Monday, March 10, 2014

How to Cook Vegetables without Losing Their Vitamins and Nutrients?


Vegetables are part of our lives, as every human being eats them for both taste and to fulfill the nutritional requirements of the body. Everything that God has created has its benefits and it is up to us to learn how to prepare and eat them for a good and healthy life. Dieticians, doctors and the media seem to
be constantly reminding us that we need to eat vegetables for their nutrients, antioxidants and disease- fighting powers. But often when we cook vegetables, we lose the very nutrients we are trying to add to our diets by overcooking or cooking them with the wrong method. Fortunately, there are some ways to cook vegetables that will preserve most of their vitamins and minerals.
Following are the ways by which we can get maximum nutrients from the vegetables:
1.     The freshness of vegetables also add up to there nutrient content so one may try best to get the most fresh vegetable as far as possible. Farmer’s markets are best place to get the fresh vegetables. As the freshness of vegetables start degrading they start loosing nutrient contents. So, vegetables must be purchased just before their preparation.
2.     Store the vegetables properly. Before cooking or serving the vegetables, store them in the new Green Bags or Green Containers. These storage pieces keep fruit and vegetables fresh longer by trapping gasses in them and away from the foods.
3.     Wash the vegetables before cutting or chopping to minimize nutrient loss, but do not soak them. Water takes away nutrients.
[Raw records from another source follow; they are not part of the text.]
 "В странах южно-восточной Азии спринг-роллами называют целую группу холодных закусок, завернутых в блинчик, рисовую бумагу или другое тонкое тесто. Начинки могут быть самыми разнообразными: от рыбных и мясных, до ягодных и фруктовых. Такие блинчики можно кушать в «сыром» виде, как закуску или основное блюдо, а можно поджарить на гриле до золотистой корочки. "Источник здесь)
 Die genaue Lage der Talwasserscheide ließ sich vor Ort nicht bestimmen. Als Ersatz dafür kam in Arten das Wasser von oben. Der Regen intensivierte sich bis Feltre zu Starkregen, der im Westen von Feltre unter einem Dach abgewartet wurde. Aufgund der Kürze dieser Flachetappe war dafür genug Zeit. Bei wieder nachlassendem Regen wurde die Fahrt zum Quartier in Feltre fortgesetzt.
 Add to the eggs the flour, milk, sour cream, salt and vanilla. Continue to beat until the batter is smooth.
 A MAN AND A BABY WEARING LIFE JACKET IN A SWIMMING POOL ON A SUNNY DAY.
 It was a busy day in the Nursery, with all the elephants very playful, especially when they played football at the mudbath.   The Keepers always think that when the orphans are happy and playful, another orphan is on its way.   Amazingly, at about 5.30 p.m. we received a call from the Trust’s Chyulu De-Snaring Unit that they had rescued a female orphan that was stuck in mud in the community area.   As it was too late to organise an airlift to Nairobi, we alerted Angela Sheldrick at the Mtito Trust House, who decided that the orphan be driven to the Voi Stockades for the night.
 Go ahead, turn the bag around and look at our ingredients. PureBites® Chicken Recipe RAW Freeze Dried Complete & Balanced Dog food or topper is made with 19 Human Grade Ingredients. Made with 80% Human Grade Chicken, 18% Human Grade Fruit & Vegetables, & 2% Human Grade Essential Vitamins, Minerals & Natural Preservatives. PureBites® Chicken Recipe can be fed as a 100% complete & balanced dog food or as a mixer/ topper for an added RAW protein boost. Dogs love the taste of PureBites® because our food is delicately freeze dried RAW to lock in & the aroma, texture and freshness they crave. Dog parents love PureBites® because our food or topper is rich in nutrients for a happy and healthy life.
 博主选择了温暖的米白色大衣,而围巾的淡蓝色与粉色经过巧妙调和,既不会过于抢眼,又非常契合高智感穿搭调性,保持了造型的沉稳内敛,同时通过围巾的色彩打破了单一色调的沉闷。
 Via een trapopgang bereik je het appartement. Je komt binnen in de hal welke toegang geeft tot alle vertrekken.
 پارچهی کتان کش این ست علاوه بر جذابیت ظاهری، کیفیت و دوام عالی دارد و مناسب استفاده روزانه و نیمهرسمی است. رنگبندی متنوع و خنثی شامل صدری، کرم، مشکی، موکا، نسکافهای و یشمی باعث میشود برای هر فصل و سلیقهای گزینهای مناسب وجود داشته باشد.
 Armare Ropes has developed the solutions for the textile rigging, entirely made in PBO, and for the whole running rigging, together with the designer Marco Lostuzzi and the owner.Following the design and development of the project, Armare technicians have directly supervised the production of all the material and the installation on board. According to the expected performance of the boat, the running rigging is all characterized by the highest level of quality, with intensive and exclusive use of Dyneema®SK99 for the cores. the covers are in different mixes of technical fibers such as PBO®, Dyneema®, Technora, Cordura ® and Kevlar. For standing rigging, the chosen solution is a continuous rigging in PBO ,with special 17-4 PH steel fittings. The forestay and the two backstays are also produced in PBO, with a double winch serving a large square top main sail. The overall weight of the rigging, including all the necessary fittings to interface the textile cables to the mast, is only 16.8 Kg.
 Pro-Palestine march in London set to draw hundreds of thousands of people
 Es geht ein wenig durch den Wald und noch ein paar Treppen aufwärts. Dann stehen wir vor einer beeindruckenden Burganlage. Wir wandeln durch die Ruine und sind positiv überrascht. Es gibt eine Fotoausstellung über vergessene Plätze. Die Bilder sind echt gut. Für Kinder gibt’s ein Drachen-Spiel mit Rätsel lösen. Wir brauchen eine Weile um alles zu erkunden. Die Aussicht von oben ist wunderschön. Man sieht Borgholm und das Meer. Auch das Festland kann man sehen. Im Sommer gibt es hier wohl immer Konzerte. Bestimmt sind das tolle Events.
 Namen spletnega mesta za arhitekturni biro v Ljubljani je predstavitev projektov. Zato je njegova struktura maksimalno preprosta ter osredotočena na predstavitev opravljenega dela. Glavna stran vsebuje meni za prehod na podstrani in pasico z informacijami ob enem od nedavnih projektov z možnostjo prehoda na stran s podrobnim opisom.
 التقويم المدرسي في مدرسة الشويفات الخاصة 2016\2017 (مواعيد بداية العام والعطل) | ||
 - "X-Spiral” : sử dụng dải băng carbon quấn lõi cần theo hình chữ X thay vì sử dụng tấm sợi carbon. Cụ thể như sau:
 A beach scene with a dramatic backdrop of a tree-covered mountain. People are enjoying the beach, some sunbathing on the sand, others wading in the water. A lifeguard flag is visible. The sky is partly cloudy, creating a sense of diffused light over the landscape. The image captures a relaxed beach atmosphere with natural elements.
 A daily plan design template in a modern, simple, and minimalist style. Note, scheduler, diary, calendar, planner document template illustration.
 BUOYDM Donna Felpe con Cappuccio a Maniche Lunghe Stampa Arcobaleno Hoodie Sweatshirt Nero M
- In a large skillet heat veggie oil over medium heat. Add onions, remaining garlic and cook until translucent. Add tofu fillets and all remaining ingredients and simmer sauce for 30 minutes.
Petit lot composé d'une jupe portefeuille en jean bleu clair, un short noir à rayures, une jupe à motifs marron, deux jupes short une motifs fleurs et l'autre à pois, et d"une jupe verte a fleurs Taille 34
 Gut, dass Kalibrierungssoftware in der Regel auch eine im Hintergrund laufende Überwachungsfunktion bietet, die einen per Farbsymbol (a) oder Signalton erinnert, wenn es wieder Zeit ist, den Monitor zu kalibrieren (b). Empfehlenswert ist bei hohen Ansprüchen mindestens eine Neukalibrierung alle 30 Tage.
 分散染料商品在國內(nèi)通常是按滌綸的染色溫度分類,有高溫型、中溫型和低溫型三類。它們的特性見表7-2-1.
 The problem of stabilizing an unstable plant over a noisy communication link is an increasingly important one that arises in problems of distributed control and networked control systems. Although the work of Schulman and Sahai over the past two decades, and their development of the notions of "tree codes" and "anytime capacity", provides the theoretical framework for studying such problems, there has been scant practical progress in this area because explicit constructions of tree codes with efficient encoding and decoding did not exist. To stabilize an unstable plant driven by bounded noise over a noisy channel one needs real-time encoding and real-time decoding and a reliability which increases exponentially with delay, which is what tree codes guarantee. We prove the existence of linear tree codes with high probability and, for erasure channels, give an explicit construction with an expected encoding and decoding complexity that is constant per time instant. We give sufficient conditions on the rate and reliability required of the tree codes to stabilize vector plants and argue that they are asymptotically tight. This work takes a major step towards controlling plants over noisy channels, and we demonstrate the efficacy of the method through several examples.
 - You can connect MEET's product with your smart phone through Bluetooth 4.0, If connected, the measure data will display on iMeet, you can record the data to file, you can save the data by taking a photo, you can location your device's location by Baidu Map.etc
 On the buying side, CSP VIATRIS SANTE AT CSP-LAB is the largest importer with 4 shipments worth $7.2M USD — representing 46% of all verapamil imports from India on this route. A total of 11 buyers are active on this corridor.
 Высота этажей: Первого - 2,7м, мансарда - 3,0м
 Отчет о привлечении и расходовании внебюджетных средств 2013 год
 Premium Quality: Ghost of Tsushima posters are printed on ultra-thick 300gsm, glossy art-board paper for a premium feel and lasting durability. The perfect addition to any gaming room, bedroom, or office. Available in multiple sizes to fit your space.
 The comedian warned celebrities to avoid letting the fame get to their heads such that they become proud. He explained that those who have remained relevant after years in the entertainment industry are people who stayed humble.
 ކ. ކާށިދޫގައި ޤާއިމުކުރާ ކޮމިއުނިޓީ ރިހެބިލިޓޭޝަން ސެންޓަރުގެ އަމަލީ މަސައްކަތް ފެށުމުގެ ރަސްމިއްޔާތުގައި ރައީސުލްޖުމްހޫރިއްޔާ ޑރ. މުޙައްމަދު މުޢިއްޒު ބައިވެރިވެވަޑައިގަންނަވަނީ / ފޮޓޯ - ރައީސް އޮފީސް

4.     Cut vegetables just before eating or cooking to retain the most amount of vitamins especially Vitamin C. The Vitamin C content of vegetables is lost at a fast rate once the vegetables have been cut or bruised. Larger the exposed area, more the loss.
5.     Vegetable should be cooked for a limited period of time as heat destroys the nutrient contents of vegetables.
6.     Steaming the vegetables is a good method of cooking as it takes less time and preserves the nutrients while frying is the worst method as they absorb huge amounts of fats thus becoming high in calories too and produces cancer-causing chemicals. Other than this Stir-frying, microwaving are also the good ways to preserve their natural goodness.
7.     Least amount of water should be used for cooking as Vegetables contain vitamin C, vitamin B and foliates, all of which dissolve in water when cooked or if more water is used don't throw away the water drink it or use it in soups or sauces.